A University of Louisville scientist has determined for the first time how the bacterium that causes Legionnaires disease manipulates our cells to generate the amino acids it needs to grow and cause infection and inflammation in the lungs. The results are published online in Science.
Yousef Abu Kwaik, PhD, the Bumgardner Endowed Professor in Molecular Pathogenesis of Microbial Infections at U of L, and his team believe their work could help lead to development of new antibiotics and vaccines.
It is possible that the process we have identified presents a great target for new research in antibiotic and vaccine candidates, not only for Legionnaires disease but in other bacteria that cause illness, he says.
According to the Centers for Disease Control and Prevention (CDC), Legionnaires disease is a lung infection caused by the bacterium called Legionella. The bacterium got its name in 1976, when many people who went to a Philadelphia convention of the American Legion suffered from an outbreak of pneumonia of unknown causes that was later determined to be caused by the bacterium. Each year, between 8,000 and 18,000 people are hospitalized with Legionnaires disease in the U.S. There is no vaccine currently available for it.
For two years, the researchers examined Legionella which is an intercellular bacterium that exists in amoebae in the water systems; it is transmitted to humans through inhalation of water droplets. Cooling towers and whirlpools are the major sources of transmission. The bacterium uses the amoebas cellular process to tag proteins, causing them to degrade into their basic elements of amino acids. These amino acids are used by the bacteria as the main source of energy to grow and cause disease.
The bacteria live on an Atkins diet of low carbs and high protein, and they trick the host cell to provide that specialized diet, Abu Kwaik says.
The same process occurs in a host animal or human who inhales the bacterium and is diagnosed with Legionnaires disease. However, the bacteria do not tag the proteins, but rather trick the host into tagging the proteins for degradation to generate the amino acids.
In the laboratory, Abu Kwaik and his team saw that by inactivating the bacterial virulence factor responsible for tricking the cell into tagging proteins for degradation in mice models, the pulmonary disease was totally prevented. This was totally due to disabling the bacteria from generating amino acids, he said.
The process was then reversed, and the disease became evident when the mice, infected by the disabled bacteria, were injected with amino acids to compensate for the inability of the altered bacteria.
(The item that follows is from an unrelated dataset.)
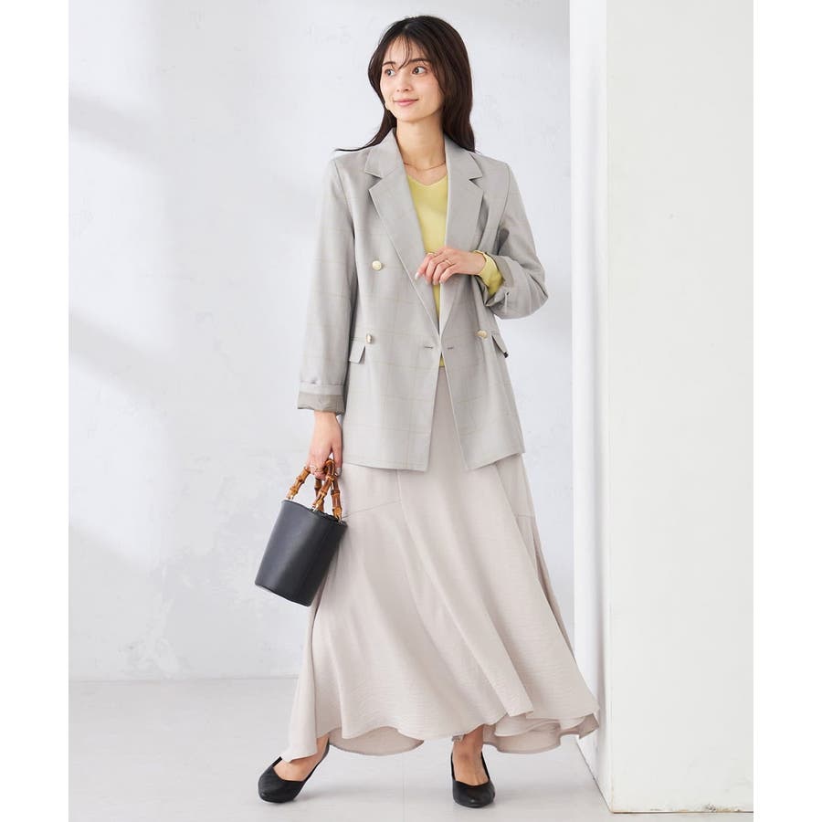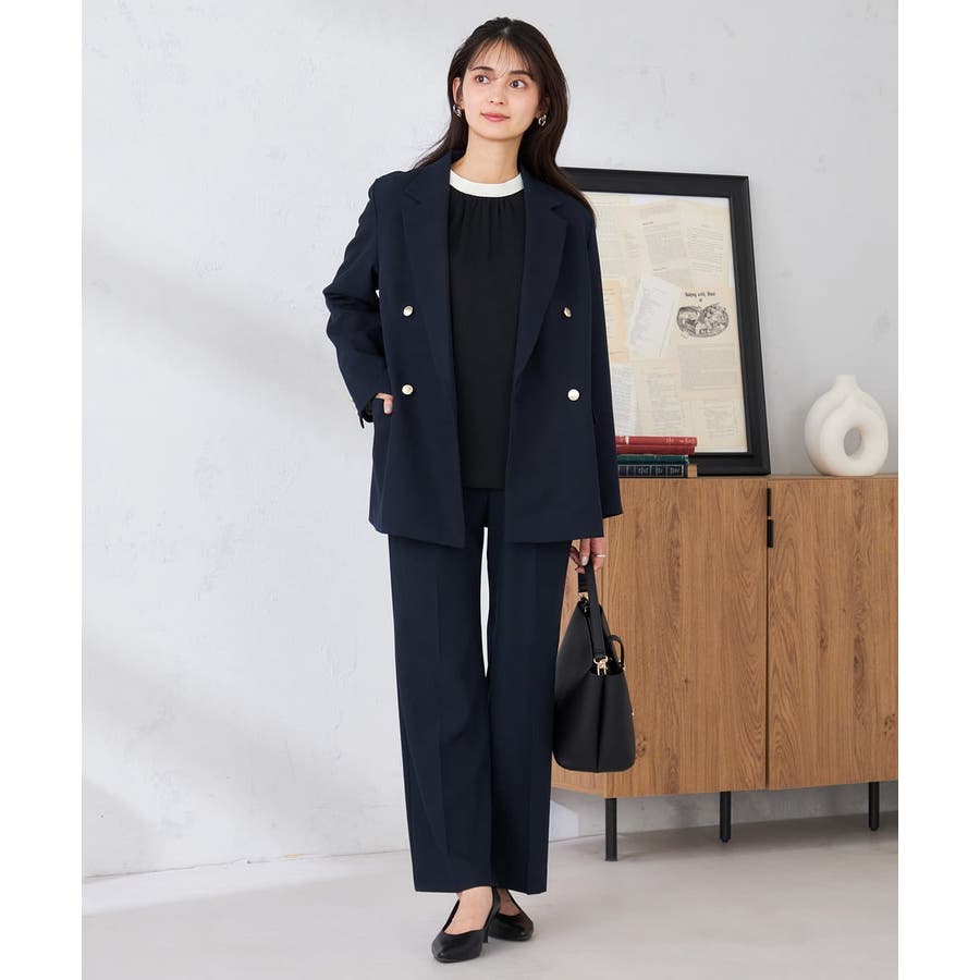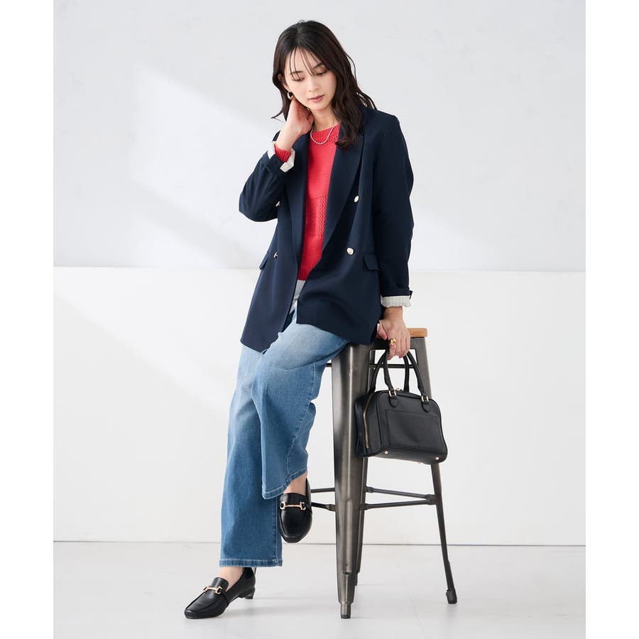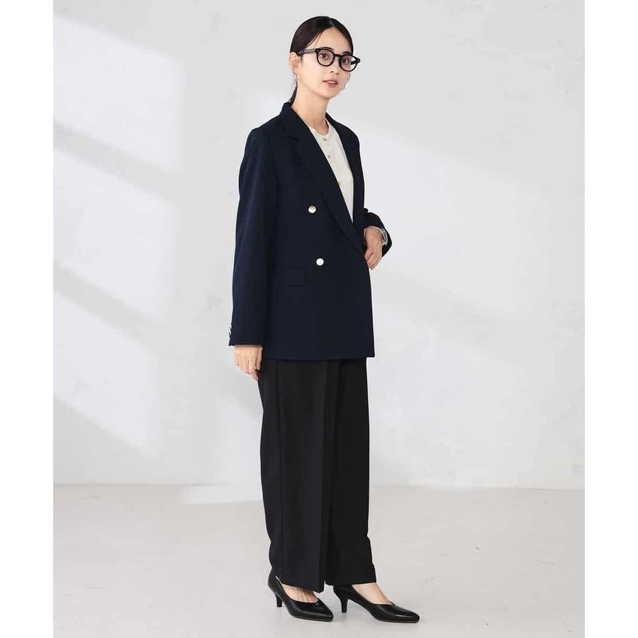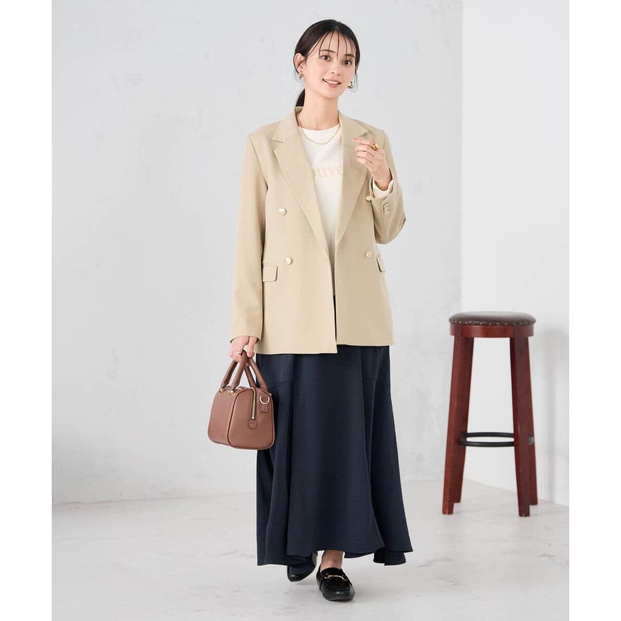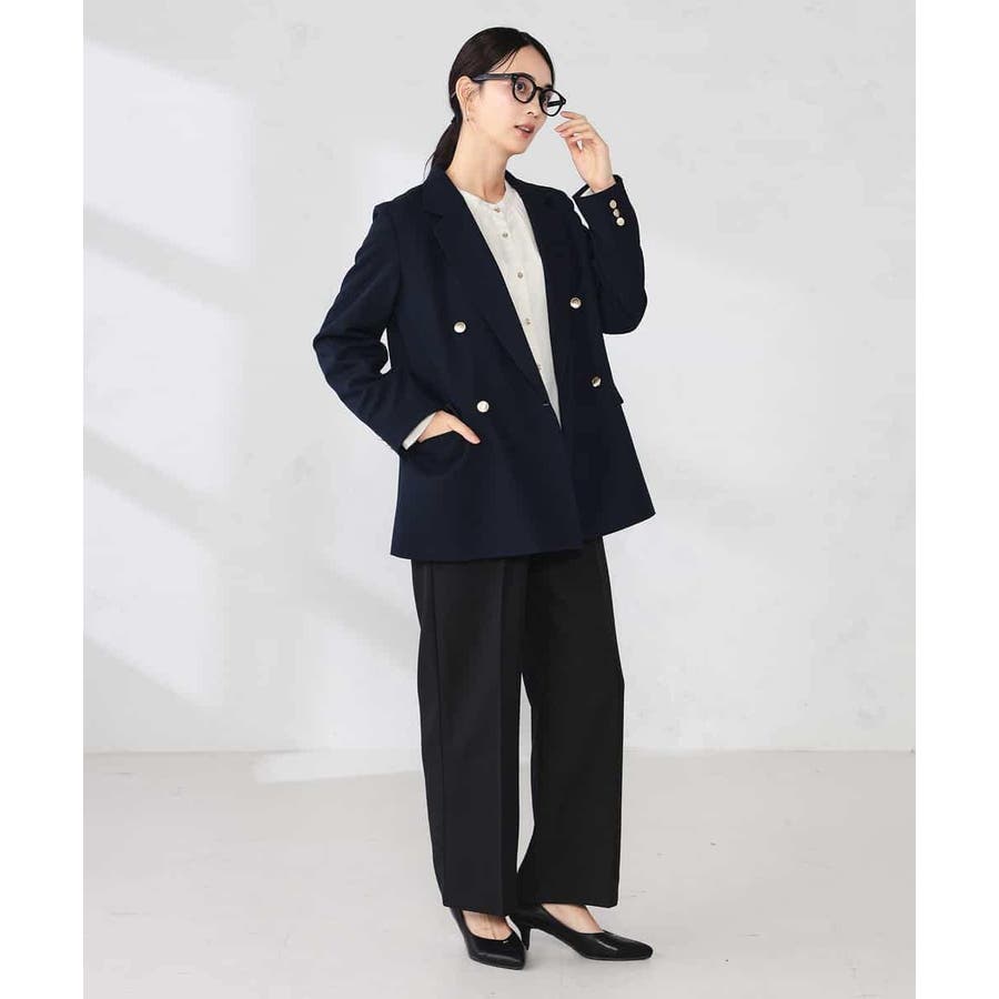 定番のダブルブレストジャケットは、ワンピース、パンツ、スカートも合わせやすい着丈で、カジュアルにもきれいめにも着こなせる1着です。

Bacteria need to live on high protein and amino acids as sources of nutrition and energy in order to replicate in a host. This is what causes pulmonary disease, Abu Kwaik says. No one has known how they generate sufficient sources of nutrients from the host to proliferate. Our work is the first to identify this process for any bacteria that cause disease.
He added that the type of host infected does not appear to affect the process. Whether in a single-cell amoeba or a multi-cellular mammal, Legionella seems to know what to do; the process is the same, and is highly conserved through evolution. By interfering with the bacteriums sources of nutrients, we can stop it from thriving and causing disease.
Examining nutrient sources for organisms with the goal of stopping them from acquiring nutrients is a relatively new arena of basic research that deserves further study, he said. We went after the basics the food and energy source which are prerequisite for the bacteria to grow and cause disease. It is not a process that is well understood yet, but by first discovering how an organism gets nutrients by tricking the host into degrading proteins, and then interfering with that process, we can, in effect, starve it to death and prevent or treat the disease.
With Abu Kwaik, authors of the paper are Christopher T.D. Price, PhD and Tasneem Al-Quadan, a doctoral student, in UofLs Department of Microbiology and Immunology; Marina Santic, PhD, of the University of Rijeka, Croatia; and Ilan Rosenshine, PhD, of the Hebrew University Medical School in Jerusalem, Israel.
The work was funded by a grant from the National Institute of Allergy and Infectious Diseases.